The logic looks good, but see inline for an improvement related to canonical form.

lib/Analysis/InstructionSimplify.cpp
2668–2669

Assuming canonical IR isn't a valid assumption for InstSimplify because InstSimplify is used as an analysis independently of InstCombine. Even when InstSimplify is called from within InstCombine, it would theoretically be more efficient to handle non-canonical simplifications before doing other transforms in InstCombine.

Do we "internally canonicalize" a constant operand for uadd/sadd to operand 1 here in InstSimplify? If not, we might want to do that too. Also if the existing code for binops doesn't do that, it's probably worth a TODO comment.

In all cases, it's worth varying at least some of the regression tests to prove that we have those non-canonical patterns covered.

nikic updated this revision to Diff 178402.Dec 16 2018, 10:43 AM

Add handling for intrinsics in non-canonical form.

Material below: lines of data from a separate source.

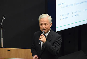 成田キャンパス成田薬学部の米持悦生学部長は、成田キャンパスには全医療系学部が揃っている特色をアピール。「チーム医療を学ぶ『関連職種連携教育』の充実と、必修の海外研修で国際性を高めた薬剤師の養成を目指す」と力強く語りました。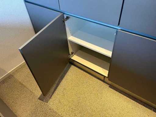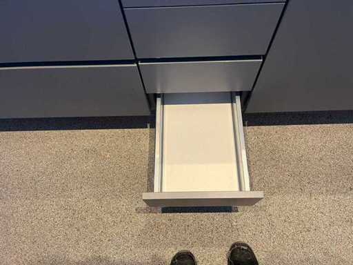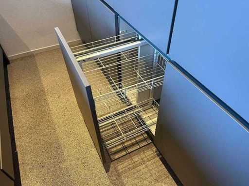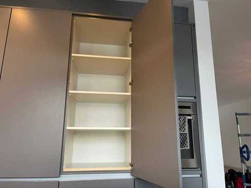 Maße hohe Schränke LxWxH ca. 303x60x235 cm; Abmessungen Insel lxw ca. 290x90,5 cm;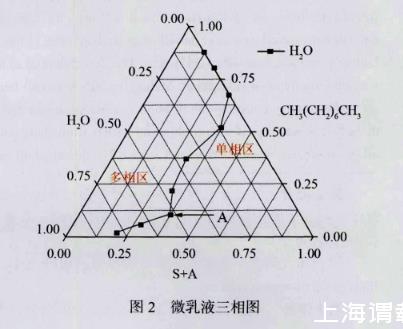 室內(nèi)研究中選用表面活性劑和助表面活性劑組合(S+A)為Tween 80、十八烷基二甲基溴化銨和正丁醇,油相為正辛烷,乳化溫度設(shè)為75℃時(shí),制備WinsorⅣ型單相納米乳液;其中,S+A與油相正辛烷按9∶1、8∶2、7∶3、6∶4、5∶5、4∶6、3∶7、2∶8和1∶9依次混合,然后逐滴加入蒸餾水,觀察加入蒸餾水后乳液的澄清渾濁現(xiàn)象來(lái)確定H2O/(S+A)/正辛烷體系單相微乳液的微觀結(jié)構(gòu)類型,得到的相圖如圖2所示。選取三相圖中A點(diǎn)的微乳液用蒸餾水定容稀釋并以60 Hz頻率超聲波震蕩5 min后,制得納米乳液NR-A。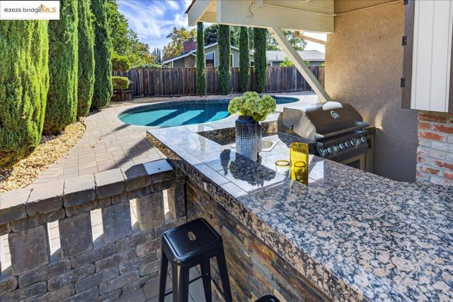 This home is all about easy, outdoor living! Located on a quiet cul-de-sac, this single-level home features an open-concept kitchen, dining, and living area—perfect for entertaining and everyday comfort. The kitchen offers stone counters, a custom tile backsplash, and stainless appliances including a gas range with vent hood and dual-drawer dishwasher. Expansive windows fill the home with natural light and showcase a backyard designed for fun, with a large built-in pool, outdoor kitchen, firepit, and beautiful paver patio. Modern lighting throughout the home adds a stylish touch. Plenty of room for all your toys, including boat, RV, and multiple cars. Enjoy easy indoor-outdoor flow with multiple sliders to the backyard and a finished two-car garage. Three bedrooms include an updated primary ensuite and refreshed second bath. A detached shed provides flexible space for an office, gym, or studio. Energy-efficient owned solar keeps costs low. Ideally located between Dana Estates and Canterbury Village, near Diggers Diner, Fitness 19, and Gehringer Community Garden.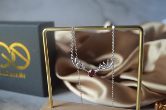 GS0056 Rhodium plated original Silver necklace with Ruby Stone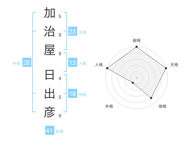 加治屋 日出彦さんを姓名の画数から五運を鑑定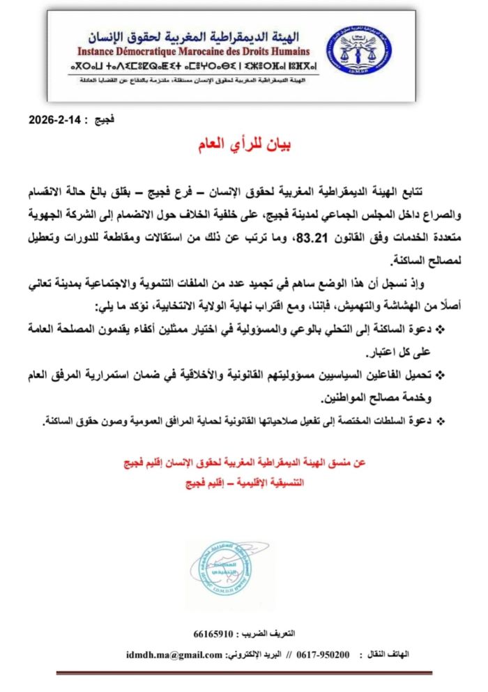 الهيئة الديمقراطية المغربية لحقوق الإنسان، فرع فجيج، عبرت عن قلقها بشأن الأوضاع في مدينة فجيج، خاصة مع اقتراب انتهاء الولاية الانتخابية للمجلس الجماعي. المجلس يعاني من انقسام بين فريق المعارضة وفريق الأغلبية منذ أكثر من سنتين، مما أدى إلى استقالات متكررة وتعطيل العمل الجماعي.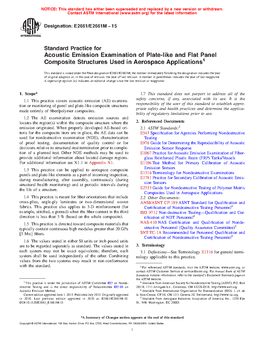 5.5 AE-detected flaws or damage concentrated in a certain region may be further characterized by other NDE techniques (for example, visual, ultrasonic, etc.) and may be repaired as appropriate. Repair procedure recommendations and the subsequent examination of the repair are outside the scope of this practice. For additional information see X1.5.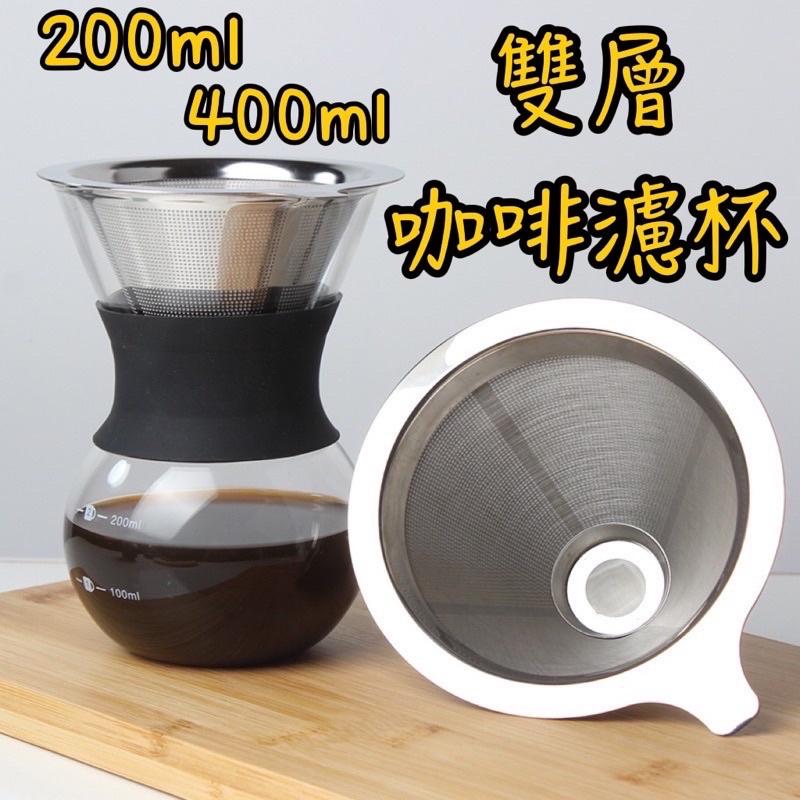 現貨 200ml / 400ml 雙層咖啡濾杯 附隔熱套 咖啡杯 玻璃咖啡杯 耐熱咖啡杯 玻璃杯 濾杯 雙層玻璃杯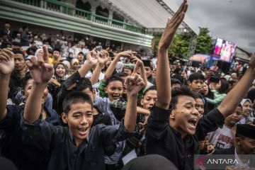 Sejumlah santri menyaksikan penampilan grup band Gigi dalam kegiatan PeaceSantren bertajuk pesan damai dari pesantren di Pondok Pesantren Az-Ziyadah, Jakarta, Sabtu (16/3/2023). Kementerian Agama pada Ramadhan 1445 H menggelar kegiatan PeaceSantren untuk menyebarkan pesan perdamaian dan persaudaraan dari pesantren yang diselenggarakan secara bergiliran di lima kota yakni Jakarta, Jawa Barat, Jawa Tengah, Yogyakarta, dan Jawa Timur. ANTARA FOTO/Aprillio Akbar/aww.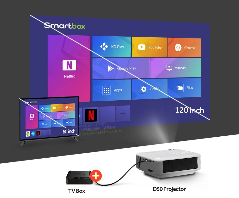 Большой опыт работы с экраномБольше, но дешевле, чем телевизор по той же цене, вы получаете много удовольствия, Наслаждайтесь своим домашним кинотеатром счастливо. | Купите 1 получите 3 бесплатноВы получите кабель HDMI,2 шт бесплатных 3D очков и липучки (они будут отправлены, если вы заказываете ТВ-бокс со склада Китая, вы можете зафиксировать ТВ-бокс на проекторе) | Местный складБыстрая доставка 2-15 дней, беспошлинная доставка! У нас есть запас в Испании, Германии, Франции, Италии и Корее сейчас, 2-15 дней быстрая доставка! Беспошлинный |
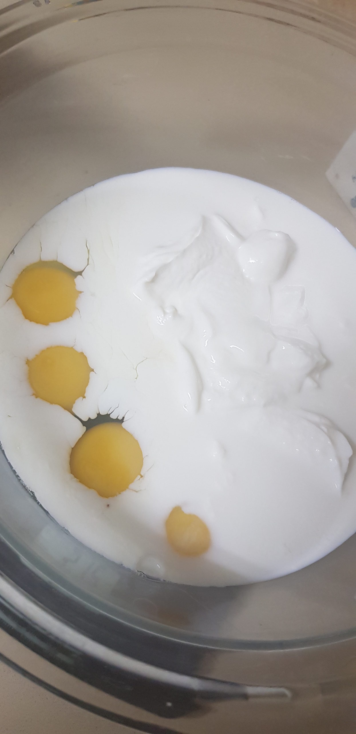 Dans un saladier, mélanger les œufs, le fromage blanc, le lait et l’arôme de fleur d’oranger.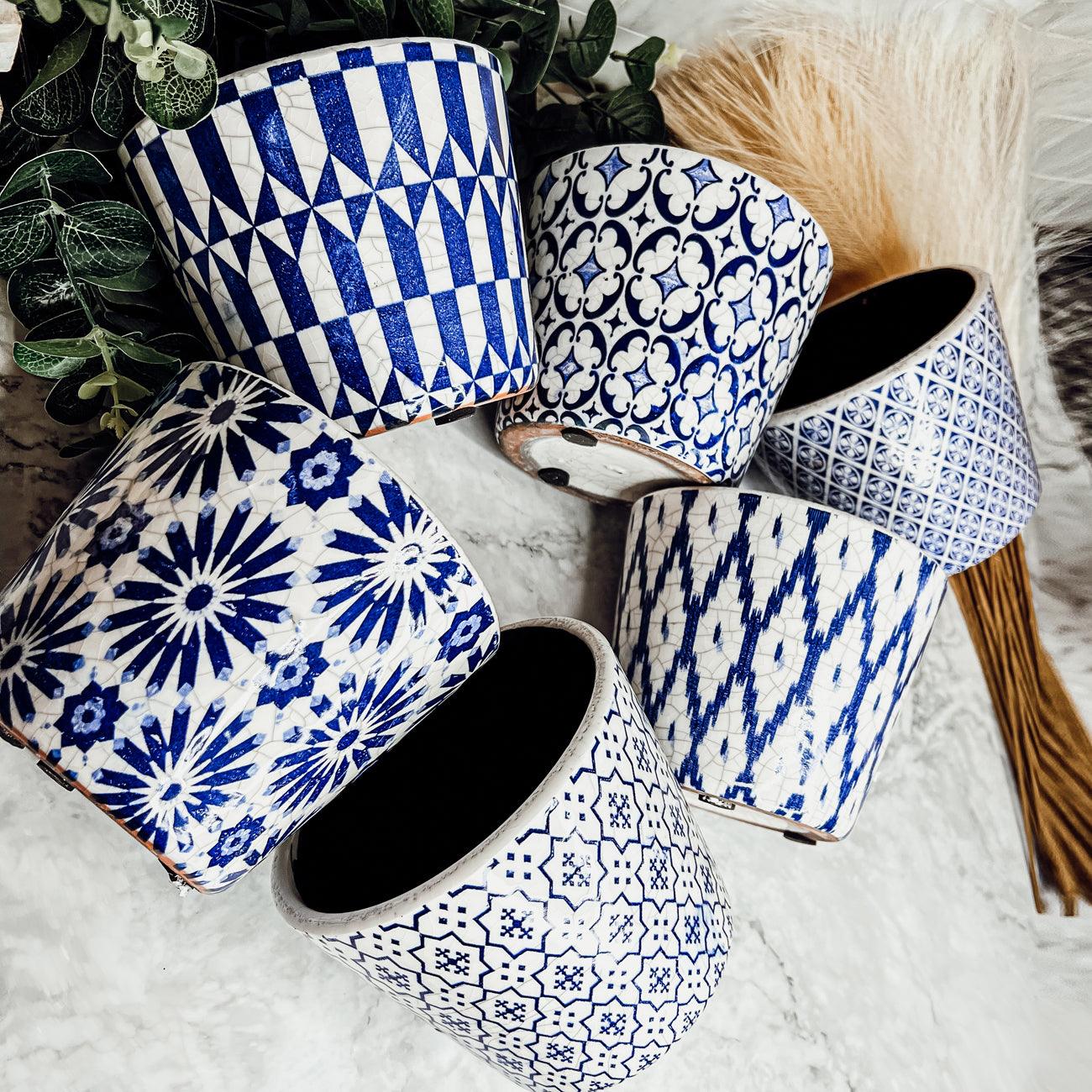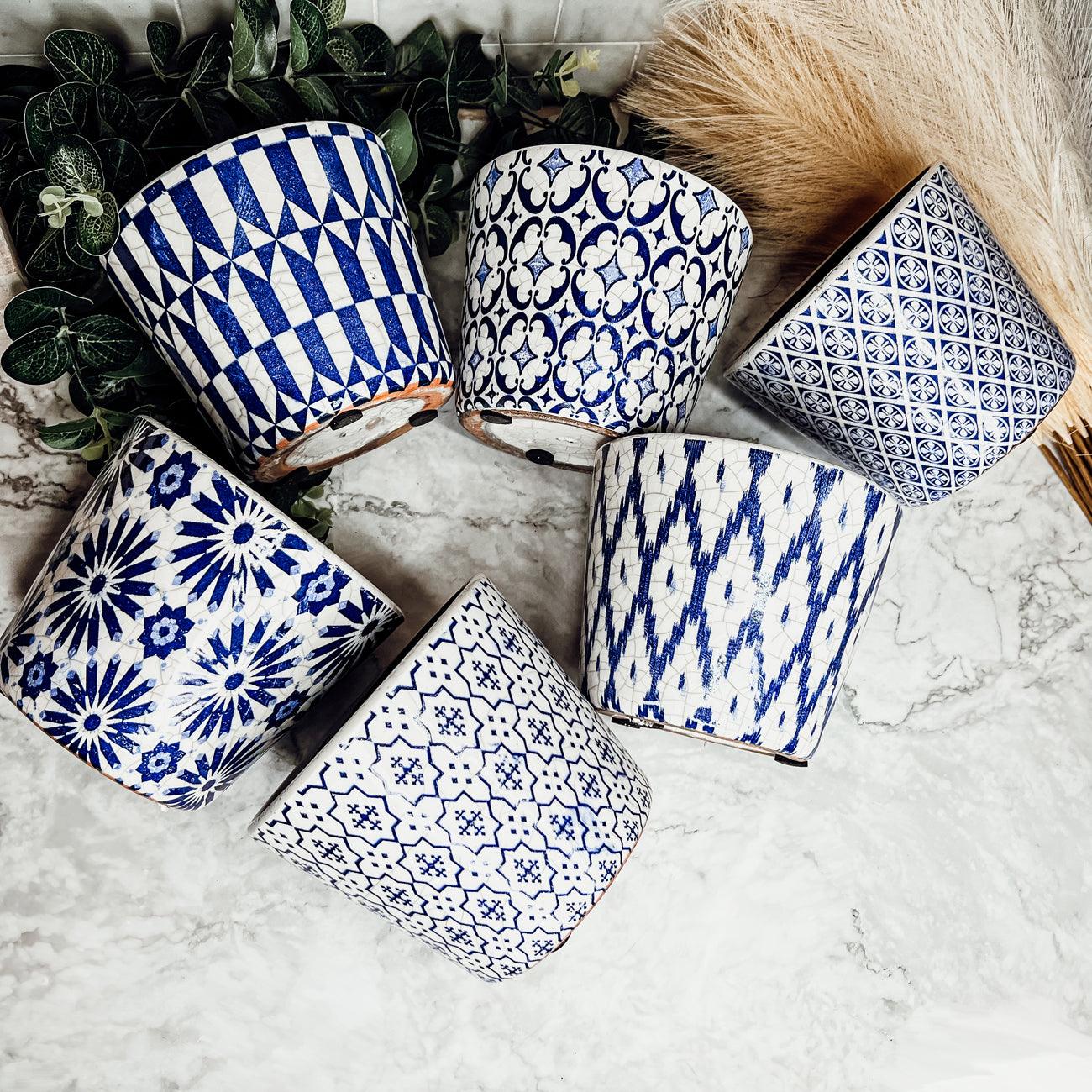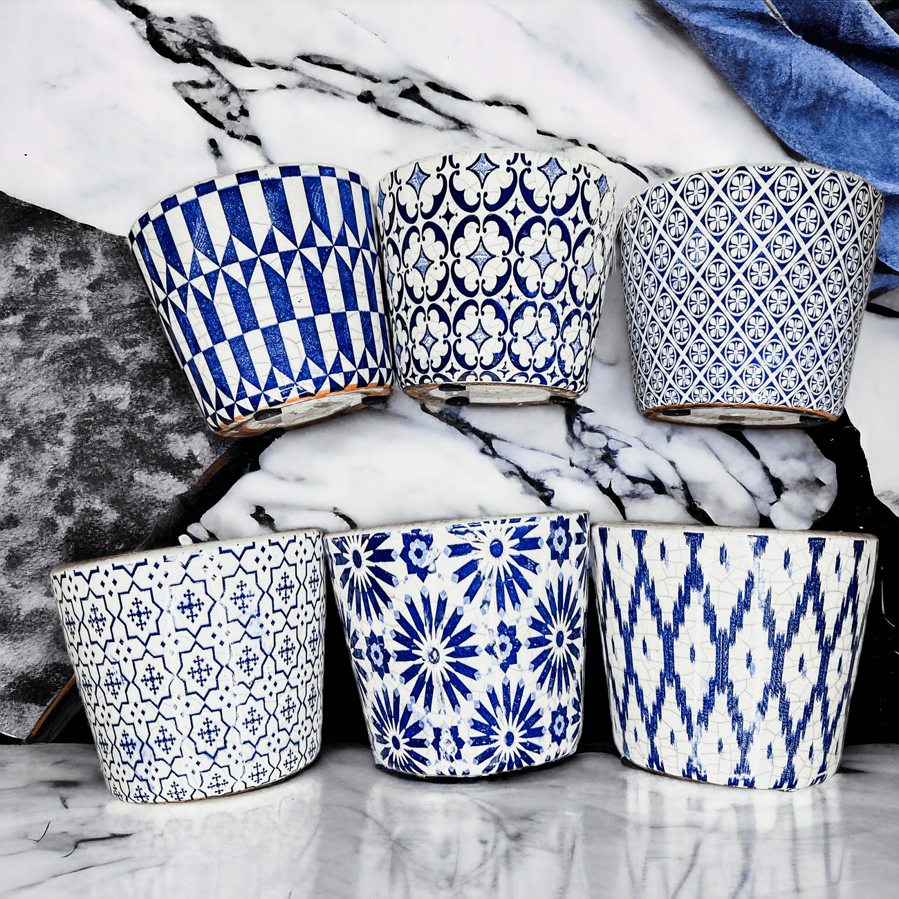 • Rustic Patterned Flower Pots were inspired by traditional vintage floor tiles still found today in old village houses and apartments all across Spain and Italy.

nikic marked 2 inline comments as done.Dec 16 2018, 10:52 AM
nikic added inline comments.
lib/Analysis/InstructionSimplify.cpp
2668–2669

I've implemented handling for the non-canonical forms. Regarding doing canonicalization in InstSimplify, I think it only does this if the simplify operation itself takes the instruction in unpacked form (such as SimplifyBinOp which has Opcode+LHS+RHS), not when working on explicit instructions. I'm assuming that swapping operands of actual instruction is not allowed inside InstSimplify.

spatel added inline comments.Dec 17 2018, 6:36 AM
lib/Analysis/InstructionSimplify.cpp
2681–2682

What happens if C is the signed min value here?

define i1 @ssub_icmp_op1_is_min_val(i8 %a) {
  %b = call i8 @llvm.ssub.sat.i8(i8 %a, i8 -128)
  %c = icmp sle i8 %b, -118
  ret i1 %c
}
nikic marked 2 inline comments as done.Dec 17 2018, 6:44 AM
nikic added inline comments.
lib/Analysis/InstructionSimplify.cpp
2681–2682

This will fold to ret i1 false. The computed range here is [0, SINT_MAX]. The last test is intended to check this case.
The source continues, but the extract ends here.